**The data:**
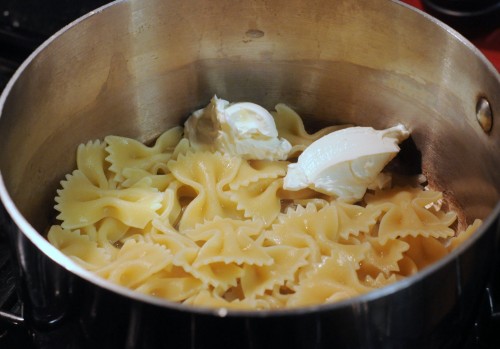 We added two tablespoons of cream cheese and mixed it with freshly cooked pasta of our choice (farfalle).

--

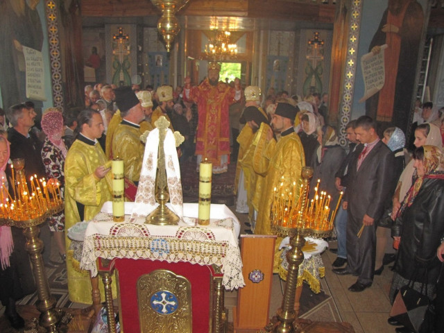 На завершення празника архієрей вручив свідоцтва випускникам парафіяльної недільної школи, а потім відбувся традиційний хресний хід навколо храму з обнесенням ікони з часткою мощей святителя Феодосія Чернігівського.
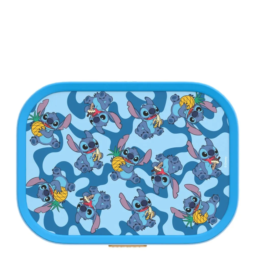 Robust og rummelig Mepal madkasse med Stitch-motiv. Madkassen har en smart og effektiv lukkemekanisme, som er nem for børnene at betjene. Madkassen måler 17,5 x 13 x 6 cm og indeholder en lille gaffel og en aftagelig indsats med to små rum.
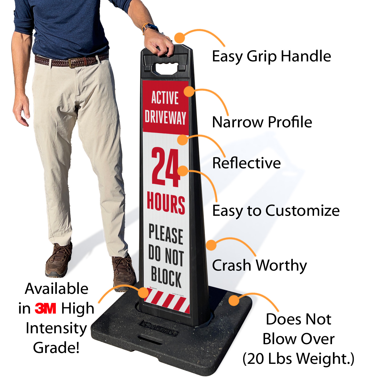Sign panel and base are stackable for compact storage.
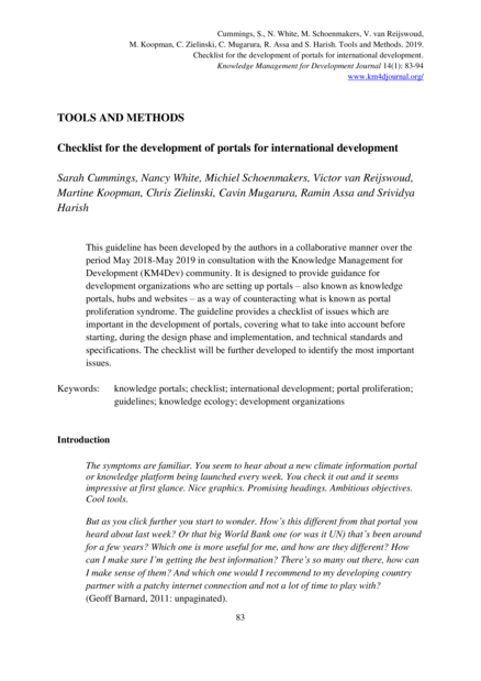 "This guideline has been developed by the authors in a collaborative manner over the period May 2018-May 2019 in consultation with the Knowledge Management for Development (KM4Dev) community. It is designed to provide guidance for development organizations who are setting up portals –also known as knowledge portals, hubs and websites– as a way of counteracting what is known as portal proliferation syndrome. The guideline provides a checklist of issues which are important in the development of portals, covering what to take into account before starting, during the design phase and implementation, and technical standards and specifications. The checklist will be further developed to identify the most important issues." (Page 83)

* * *

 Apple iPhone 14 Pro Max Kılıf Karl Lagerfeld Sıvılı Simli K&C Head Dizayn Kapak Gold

**Task to carry out:** From the material above, output only the span of lines that starts at the one containing "На завершення празника" and finishes at the one containing "Sign panel and", word for word and free of pictures.

**Solution to the exercise:**
 На завершення празника архієрей вручив свідоцтва випускникам парафіяльної недільної школи, а потім відбувся традиційний хресний хід навколо храму з обнесенням ікони з часткою мощей святителя Феодосія Чернігівського.
 Robust og rummelig Mepal madkasse med Stitch-motiv. Madkassen har en smart og effektiv lukkemekanisme, som er nem for børnene at betjene. Madkassen måler 17,5 x 13 x 6 cm og indeholder en lille gaffel og en aftagelig indsats med to små rum.
Sign panel and base are stackable for compact storage.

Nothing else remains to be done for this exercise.